Ninth Circuit reverses District Court’s finding that law enforcement officers did not act in good faith. Judge McKeown dissents in an opinion worth reading

In this case, law enforcement obtained a warrant for the Defendant’s historical cell site location information back in 2012. The defendant moved to suppress, and the District Court found that the warrant application was so lacking in probable cause, the District Court found that law enforcement could not rely on the warrant in good faith and suppressed the CSLI.

A majority of a Ninth Circuit panel reversed, agreeing that the search warrant was deficient but disagreeing with the District Court’s good faith analysis. The affidavit’s “scant and innocuous references” to the defendant did not establish a “fair probability” that evidence of the crime would be found in the location data. There was no basis in the affidavit to support the inference that the Defendant was upset with the victim, that he had motive to commit the crime, and, importantly, that he was in town on the night of the murder.

While the Court agreed with the District Court with respect to the lack of probable cause, the majority here found that the deficiencies in probable cause discussed were “not so stark as to render official belief in the existence of probable cause ‘entirely unreasonable.'”

The majority looked to the fact that the application occurred quickly two days after the murder), the application was lengthy, and it laid out their suspicions about family members. They therefore thought that a reasonable officer could rely on the warrant despite its deficiencies.

The court also looked to the fact that, as of 2012, no Circuit Court had held that the Fourth Amendment was applicable to CSLI data, citing a string of post-2012 cases: United States v. Thompson, 866 F.3d 1149 (10th Cir. 2017), vacated 138 S. Ct. 2706, 201 L. Ed. 2d 1093 (2018); United States v. Stimler, 864 F.3d 253 (3d Cir. 2017), vacated in part by United States v. Goldstein, 902 F.3d 411 (3d Cir. 2018); United States v. Graham, 824 F.3d 421 (4th Cir. 2016) (en banc), abrogated by Carpenter, 138 S. Ct. 2206, 201 L. Ed. 2d 507 (2018); United States v. Carpenter, 819 F.3d 880 (6th Cir. 2016), rev’d 138 S. Ct. 2206, 201 L. Ed. 2d 507 (2018); United States v. Davis, 785 F.3d 498 (11th Cir. 2015) (en banc), abrogated by Carpenter, 138 S. Ct. 2206, 201 L. Ed. 2d 507 (2018); In re Application of U.S. for Historical Cell Site Data, 724 F.3d 600 (5th Cir. 2013), abrogated by Carpenter, 138 S. Ct. 2206, 201 L. Ed. 2d 507 (2018).

The Ninth Circuit therefore concluded that the prevailing belief in 2012 was that CSLI data was not protected by the Fourth Amendment.

Judge McKeown dissented, agreeing with the District Court that the warrant affidavit for the CSLI so thoroughly lacked probable cause that it was objectively unreasonable for the officer to have relied on it.
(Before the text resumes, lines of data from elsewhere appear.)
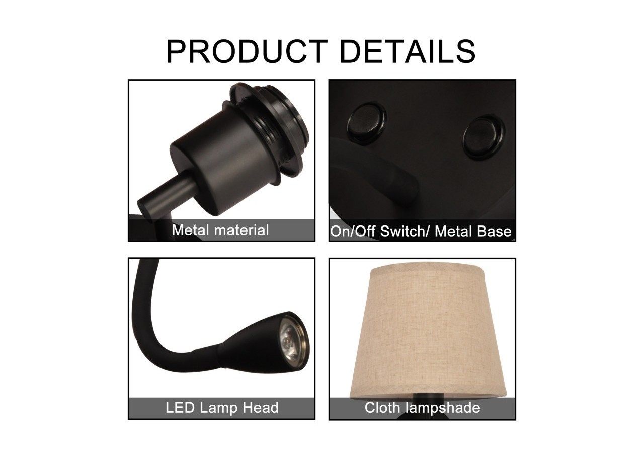 Elle est dotée d'un élégant abat-jour en tissu et équipée d'un spot LED réglable de 3W pour la lecture. De cette manière, elle vous permet ainsi de choisir entre l'éclairage général de l'abat-jour ou la lumière ponctuelle de son spot LED au moyen de deux interrupteurs indépendants.
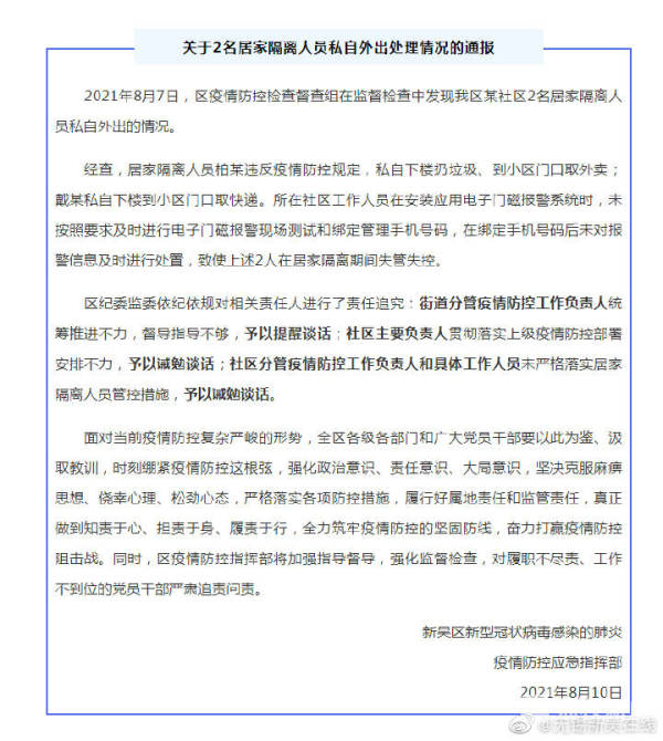 8月7日,无锡市新吴区疫情防控检查督查组在监督检查中发现当地某社区2名居家隔离人员私自外出的情况。今天(8月10日),“无锡新吴在线”对相关情况进行了通报:
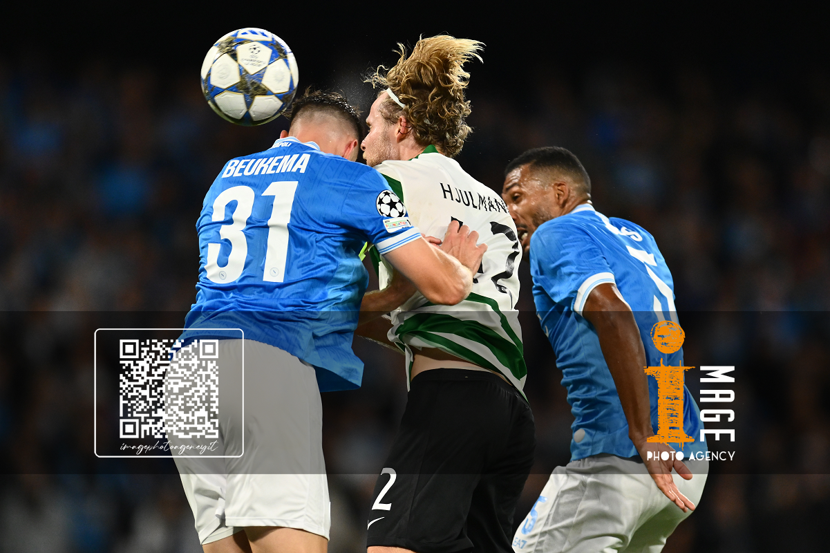 Dc Napoli 01/10/2025 - Champions League / Napoli-Sporting Lisbona / foto Domenico Cippitelli/Image Sport nella foto: Morten Hjulmand-Sam Beukema
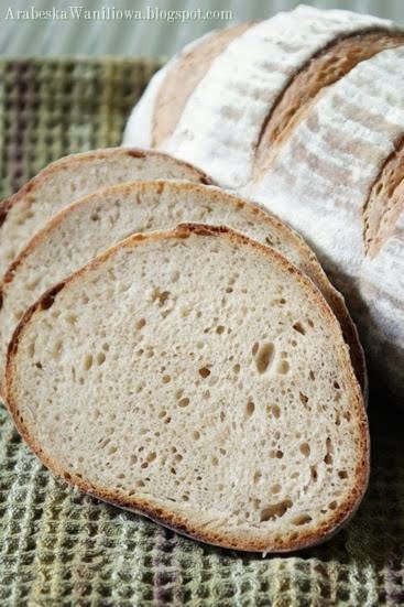 Przed wsunięciem bochenka do pieca, wierzch naciąć. Piec z parą 15 minut w 250 st.C, później kolejne 30 minut już bez pary , zmniejszając temperaturę do 200 st.C.
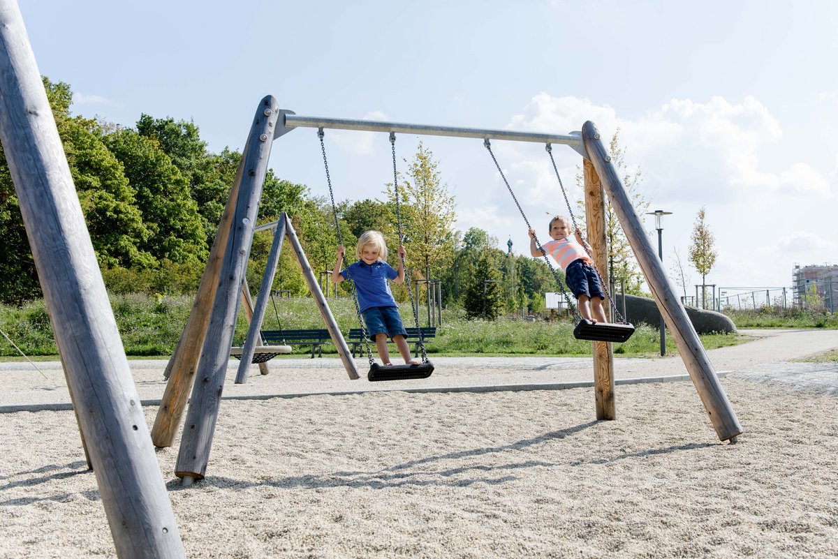 For giving the Multi-surface Swing a new design, we developed the special version with metal cross beam. The technically thought-out corner connections make the equipment very sturdy. A playground is not complete without a swing. Children need the possibility for swinging during their development. Swinging to and fro is a basic movement and is fun not only for children. Swinging has a comforting effect, removes tensions and provides pleasure, particularly if swinging is possible side by side.Recommended For
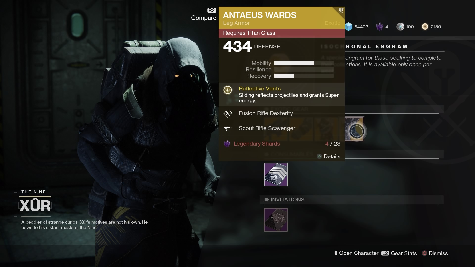 As ever, Xur is also packing an Isochronal Engram for an eye-watering 97 Legendary Shards. That gifts you a Year One Exotic that you’ve never received before. Also, parting with nine Legendary Shards will net you the fourth Invitation of the Nine this week, which is well worth a shot.
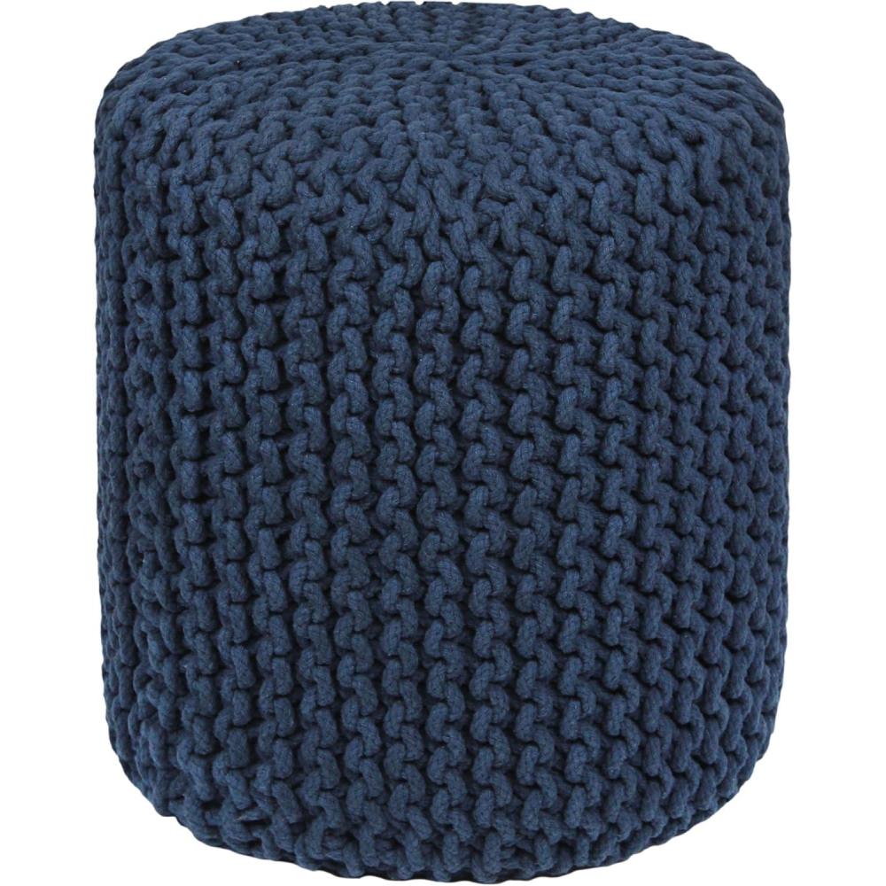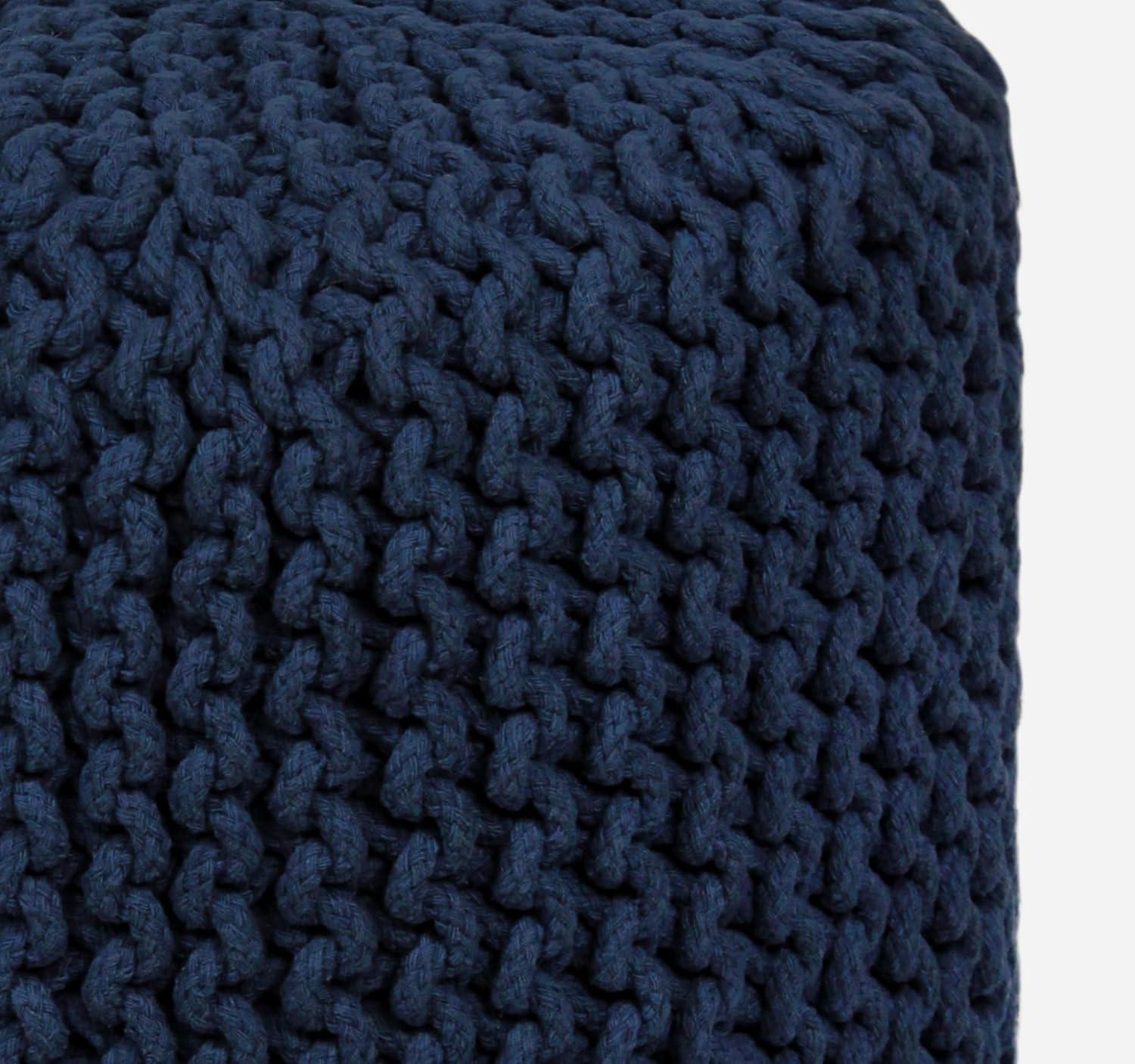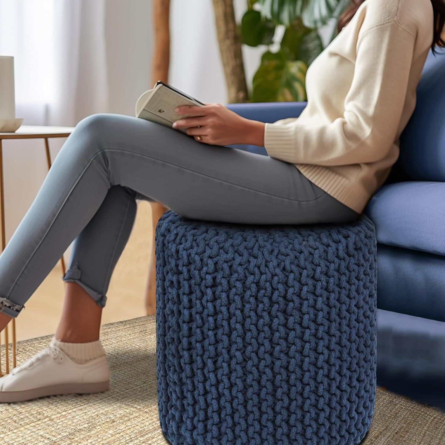 COTTON CRAFT Round Dori Pouf – Cotton Braid Cord Cable Knitted Ottoman – Foot Stool Footrest Floor Pouf Accent Furniture Bean Bag – Living Room Dorm Décor – 20.5 Dia x 13.5 High – Round Ivory Cream(Blue – Cylindrical)

She found that the the affidavit’s only statement vaguely implicating the defendant was a suggestion that a defendant family member may have been involved in the murder. She found “(c)onspicuously absent was any statement by the officer that he believed that (defendant’s) CSLI would lead to information about the (victim’s) shooting.

She also found Carpenter to be completely irrelevant to the good faith inquiry here. She found that there was no relevant change in law permitting the application of the good faith exception. She noted that the best the Government (and the majority) can claim is a lack of clarity since no appellate precedent has been overruled. She accused the majority of watering down the good faith exception.

The case is United States v. Elmore, 917 F.3d 1068 2019 U.S. App. LEXIS 6507 9th Cir. (March 4, 2019).